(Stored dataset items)
┌──
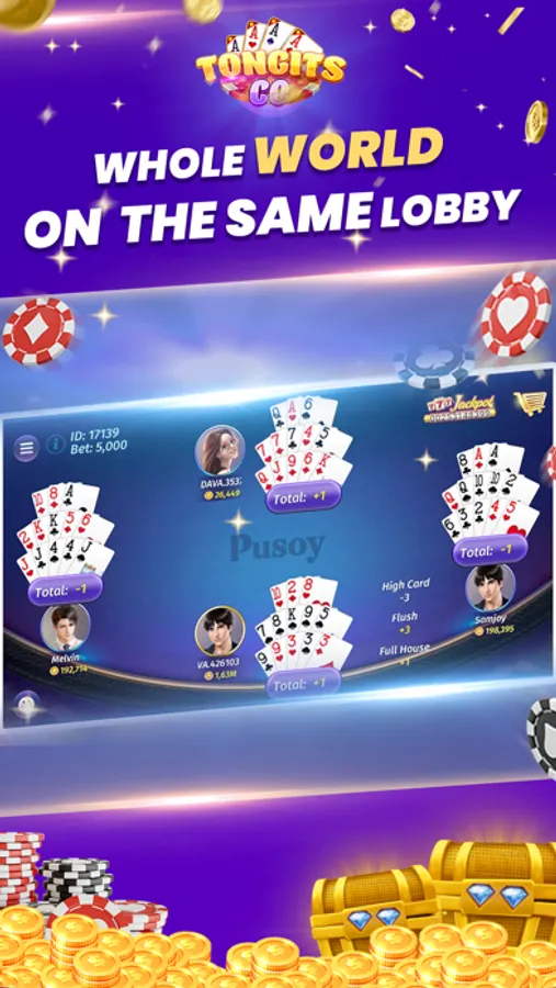 Variant Playstyles: Enjoy playing Tongits, Sabong, Pusoy, Color Game, and Poker in a different way making winning get easier.
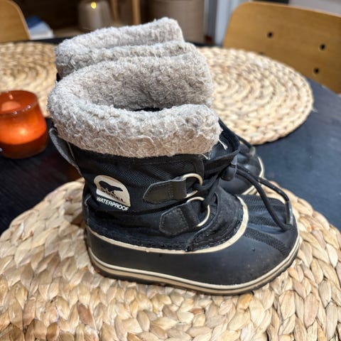 Siistit talvikengät, koko 27. Kengissä on vedenpitävä pohja ja sisällä irrotettava vuori. Vain nouto.
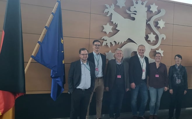 Ein Höhepunkt war der Zugang zu den "Katakomben" des Landtags, wo die Gäste den Erinnerungsort Thüringer Landtag besichtigen konnten. Eine eindrucksvolle Erfahrung, die einen tiefen Einblick in die Geschichte und Bedeutung dieses besonderen Ortes bot. Claudia Heber, die über ihre eigene Familiengeschichte sehr anschaulich erzählte, bereicherte die Führung mit persönlichen Anekdoten, die das historische Erbe lebendig machten. Im Anschluss durften die Besucher den Sitzungssaal des Thüringer Landtags betreten, wo sie spannende Informationen über die technische Ausstattung und die Regularien der Sitzungen erhielten.
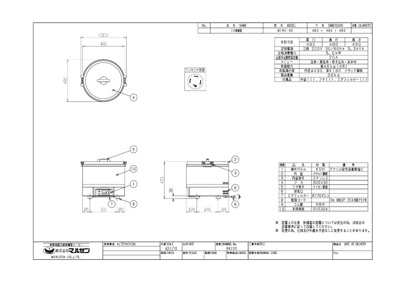 MIRC-4D 【マルゼン】IH炊飯器 幅480×奥行480×高さ450mm
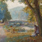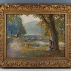 William Mainwaring Palin (British 1862-1947) - River landscape with bridge and girls on the riverbank, oil on canvas, 43.5cm x 59cm, within a gilt composition frame of foliate form.
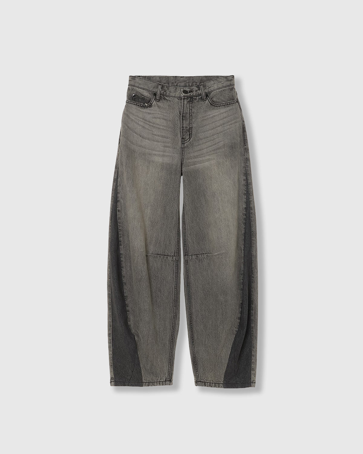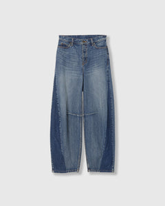 リメイク風の切り替えデザインとダーツを取り入れた、全体的に丸みのあるシルエットが特徴のデニム。内側に入ったダーツでカーブのシルエットになっておりスタイリングに程よい動きをプラスします。
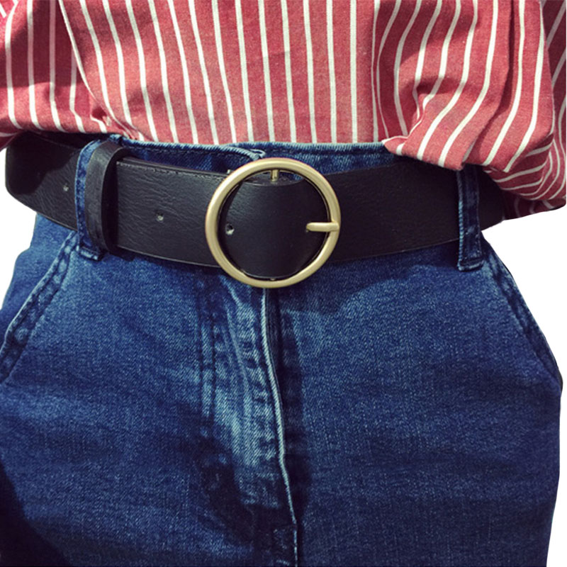 包郵 韓版2018新款潮流百搭簡約圓形金屬PU皮女式寬腰帶針扣皮帶
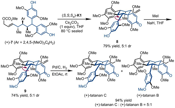 该方法可应用于天然产物tatanan B和tatanan C的合成。双苯酚前体(+)-7可在手性铱络合物(S,S,Sa)-K1的作用下发生不对称烯丙基去芳构化反应以79%的收率得到一对阻旋异构体8,后者再经过两步反应即可得到天然产物tatanan C和tatanan B的混合物(5:1),且无其他非对映异构体生成。
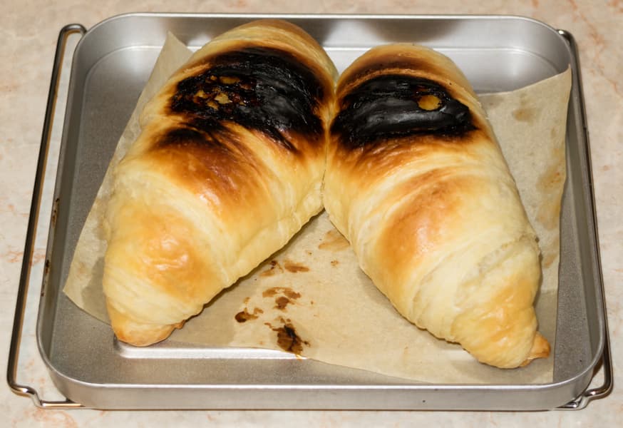 Через пару минут из печи запахло гарью, и повалил дым. Круассаны поднялись и коснулись верхушкой решетки нагревательных элементов. Пришлось экстренно извлекать противень из духовки и счищать налипшие и продолжавшие гореть кусочки теста.
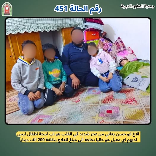 وحاليا هو بحاجة الى مبلغ 200 الف دينار رقم الحالة 451 مفتوح التبرع من الف دينار و صاعدا
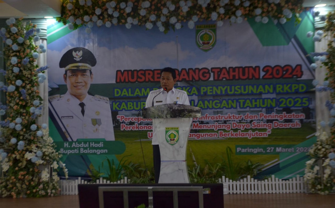 Hal tersebut disampaikan Kepala Badan Perencanaan Pembangunan, Riset dan Inovasi Daerah Kabupaten Balangan, Rakhmadi Yusni, saat melaksanakan Musyawarah Rencana Pembangunan (Musrenbang) 2024, di Mahligai Mayang Maurai, Kecamatan Paringin, Rabu (27/3/2024).
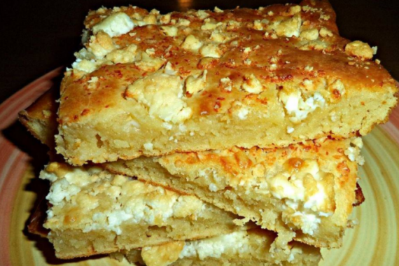 ΕΚΤΕΛΕΣΗ Ανακατεύω το αλεύρι με το γιαουρτι,τα αυγά,το αλάτι και το λάδι και προσθέτω νεράκι όσο πάρει μέχρι να γίνει ένας παχύρευστος χυλός όπως κάνουμε για τις τηγανίτες.Αδειάζω τον χυλό σε λαδωμένο ταψάκι,(κανονίζω το ταψι μου ώστε ο χυλός να μην ξεπερνάει το 1 εκ πάχος!)Πασπαλίζω από πάνω τη φέτα,ραντίζω με λίγο λαδάκι ακόμα και ψήνω στους 180 βαθμούς αντιστασεις περίπου 25 λεπτά,μέχρι να ροδοκοκκινήσει!!!
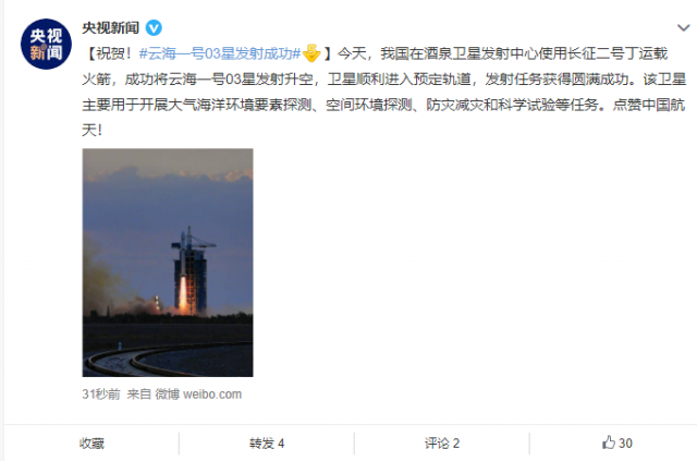 9 月 21 日消息,据央视报道,刚刚,我国在酒泉发射中心使用长征二号丁运载火箭,成功将云海一号 03 星发射升空,顺利进入预定轨道,发射任务获得圆满成功。此次任务是长征系列运载火箭的第 438 次飞行。
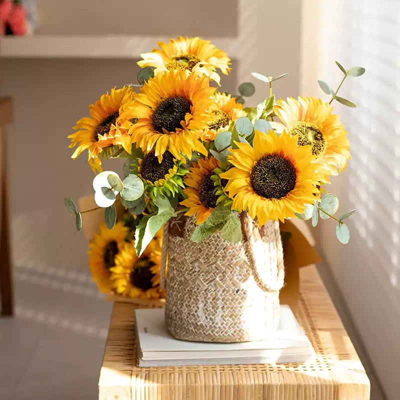 向日葵仿真花摆件客厅干花摆设餐桌花太阳花假花绢花装 饰拍摄道具
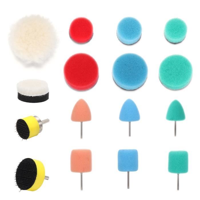 Disques Laine Polissage Peinture Kit De Polissage Pour Perceuse - VBESTLIFE - Tampons De Polissage 3 Pouces Lavables - Blanc Tampons Polissage Laine Pour Perceuse électrique Kit polissage pour voiture sur perceuse Le kit de polissage DOLASO comprend 5 pièces, dont 3 tampons de polissage en laine de 150 mm, 1 tampon adhésif de 150 mm et 1 adaptateur de perceuse M14. Ces... Les tampons de polissage en laine sont spécialement conçus pour un contact optimal avec la surface et une répartition uniforme de la pression, idéal pour travailler sur la peinture automobile, les meubles en bois et les surfaces en verre. La plaque d'appui robuste dispose d'un système de montage sécurisé avec un arbre de perçage de 4,5 cm pour un fonctionnement stable. Ce kit offre tout le nécessaire pour obtenir des résultats de qualité professionnelle sur différentes surfaces, des détails automobiles à la restauration de meubles. L'ensemble comprend une plaque de support de 9,6 cm de diamètre avec fixation pour perceuse, 5 tampons de polissage en laine de qualité supérieure et un chiffon de nettoyage double face (30 cm x 30 cm). La taille compacte des coussinets permet un contrôle précis tout en travaillant à la fois sur de grandes surfaces et sur des sections détaillées. Kit complet : comprend un tampon de polissage de 9,6 cm, 5 disques de polissage en laine, une tige de fixation pour perceuse (4,5 cm) et un chiffon de nettoyage double face de 30 cm x 30 cm pour des besoins de polissage complets Utilisation polyvalente : compatible avec la plupart des perceuses électriques et convient pour le polissage de voitures, meubles, surfaces en verre et autres matériaux nécessitant un polissage de qualité professionnelle 1. Informations sur le kit: le kit complet comprend 1 tampon de polissage en laine, 2 tampons de polissage éponge, 1 papier givré, un adaptateur de perceuse et 1 clé, etc. 2, conception pratique: le tampon polit les surfaces à leur finition la plus lisse sans causer de dommages, fournissant un nettoyage puissant de la saleté et un polissage de la voiture.3, matériau Durable: tampon de...
└──
[Aim of the exercise]:
Print, exactly as written, the lines above from the first one to the one containing "Siistit talvikengät, koko". Leave out pictures.

[Result of this task]:
 Variant Playstyles: Enjoy playing Tongits, Sabong, Pusoy, Color Game, and Poker in a different way making winning get easier.
 Siistit talvikengät, koko 27. Kengissä on vedenpitävä pohja ja sisällä irrotettava vuori. Vain nouto.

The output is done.